Of wild fires, rats and smokers


It is winter and veld fires are a common occurrence. Amidst the smoke and strong winds, it is common to see black-shouldered birds patiently perched on power lines and/or tress awaiting rats and mice as they flee the raging fires.
Intense fires destroy thousands acres of vegetation in protected areas such as national parks, forest ranges, major highway sideways and grazing lands across the country annually. Human life, livestock and wild animals have been lost as a result.

The grass fires are a major concern for everyone especially this period through to October; they quickly get out of control and can cause serious damage in agricultural and forested lands.

Forest fire officials encourage people not to light grass fires or burn debris. Burning dry grass in fields or yard debris can spread to nearby forests.

At the weekend government launched the National Fire Awareness Campaign or National Fire Prevention Week at Matabiswana Village in Insuza, Matabeleland North province, to raise responsiveness in the community against starting needless forest fires.

This Forestry Commission initiative is an excellent inventiveness. The campaign will be a waste of resources if stakeholders cannot sustain it and/or spread it across the country given the extent of environmental damage from unwanted forest fires started by people digging for mice and/or hunting for small game such as rabbits as well as throwing out a cigarette stub through the window of a moving vehicle. This is commonplace, but Zimbabwe must develop a culture against littering.

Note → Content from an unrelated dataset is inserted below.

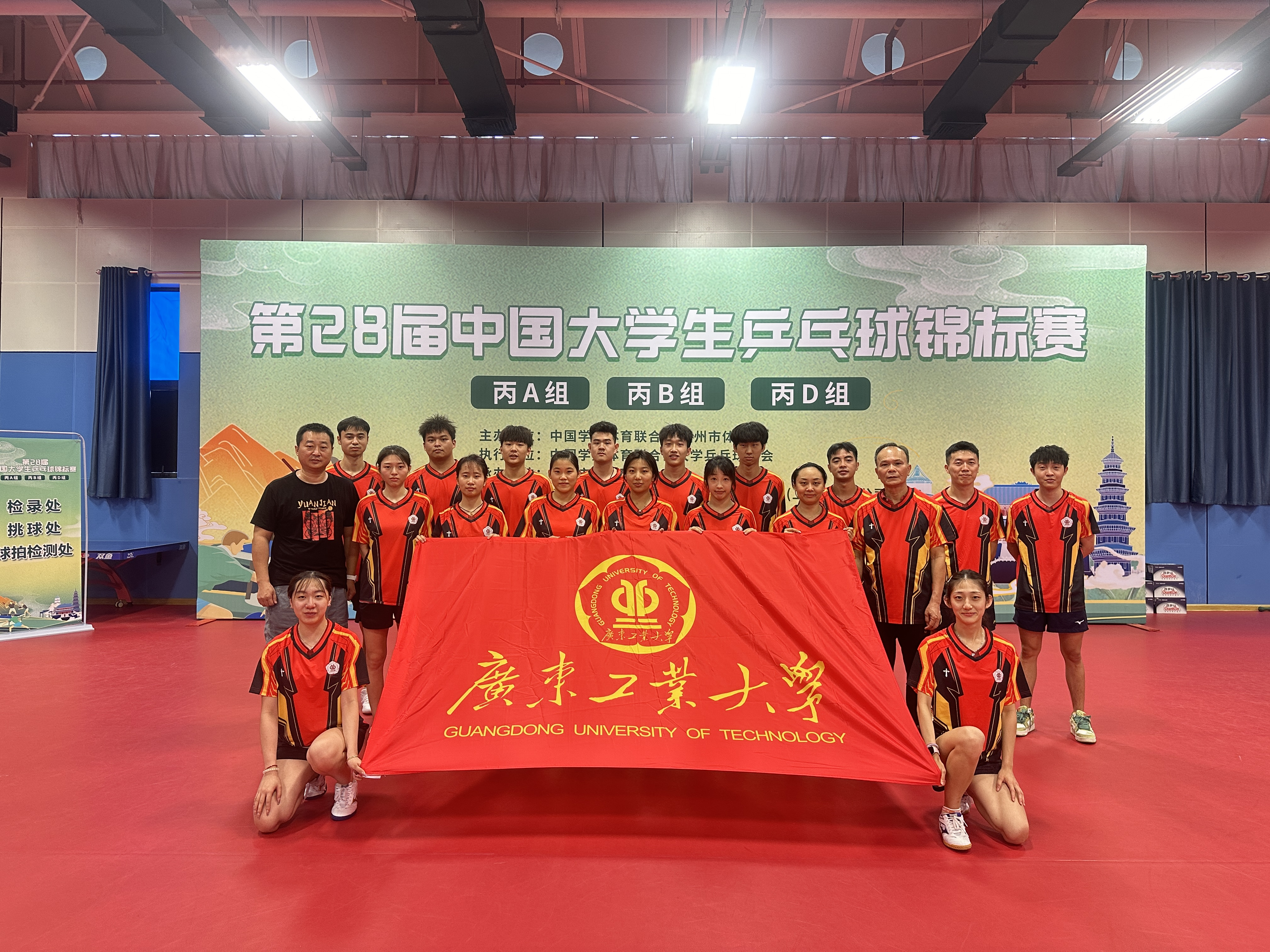 8 月 12 日至 20 日,第 28 届中国大学生乒乓球锦标赛在福建省福州市举行。本次比赛由中国大学生体育协会、福州市体育局主办,福州市乒乓球协会承办,并由中国大学生体育联合会大学乒乓球分会执行。作为我国大学生乒乓球锦标赛中仅次于超级组水平的重要比赛,吸引了来自北京大学、上海交通大学等29所高校近400名运动员参加本次比赛。比赛涵盖男女团体、男女单打、男女双打以及混合双打等七个项目。广工健儿在比赛中团结协作,敢打敢拼,以优异表现勇夺2金1银3铜。

It is also important that the public must consider no-burn options. Many landfills offer designated days when yard debris can be disposed of at little or no cost. The Forestry Commission should also consider advising the public about composting. On-site chipping may be feasible. Limbs and other debris may be piled for wildlife habitat if located where it does not pose a wildfire hazard.

Carelessly lit and tended fires and smoking are a major concern throughout the burning season. In fact, forest guards have seen people triggering fires and in some cases the accused have managed to escape.

The phenomenon, witnessed every year, destroys flora and fauna in vast tracts of the forest area. Zimbabwe did not receive enough rain this year and most areas have gone dry. Dry weather due to absence of moisture in the air causes the fire to spread rapidly.

Without a doubt Zimbabwe’s eucalypt forest has evolved to cope with low and high-intensity bushfires situations. Eucalyptus forests in the country depend on fire for regeneration. However, indigenous forests in Matabeleland, Gokwe’s Mafungautsi Plateau, Chimanimani and many others are much more likely to be destroyed by fire.
The sensitivity of forest communities to fire is the main reason these areas have been listed as threatened under the Forestry Act.

For the record, the Matabiswana launch had its beginning in the US in 1911. It is held annually to commemorate the Great Chicago Fire. On the 40th anniversary (1911) of the Great Chicago Fire, the Fire Marshals Association of North America (FMANA), the oldest membership section of the National Fire Protection Association (NFPA), sponsored the first National Fire Prevention Day, deciding to observe the anniversary as a way to keep the public informed about the importance of fire prevention.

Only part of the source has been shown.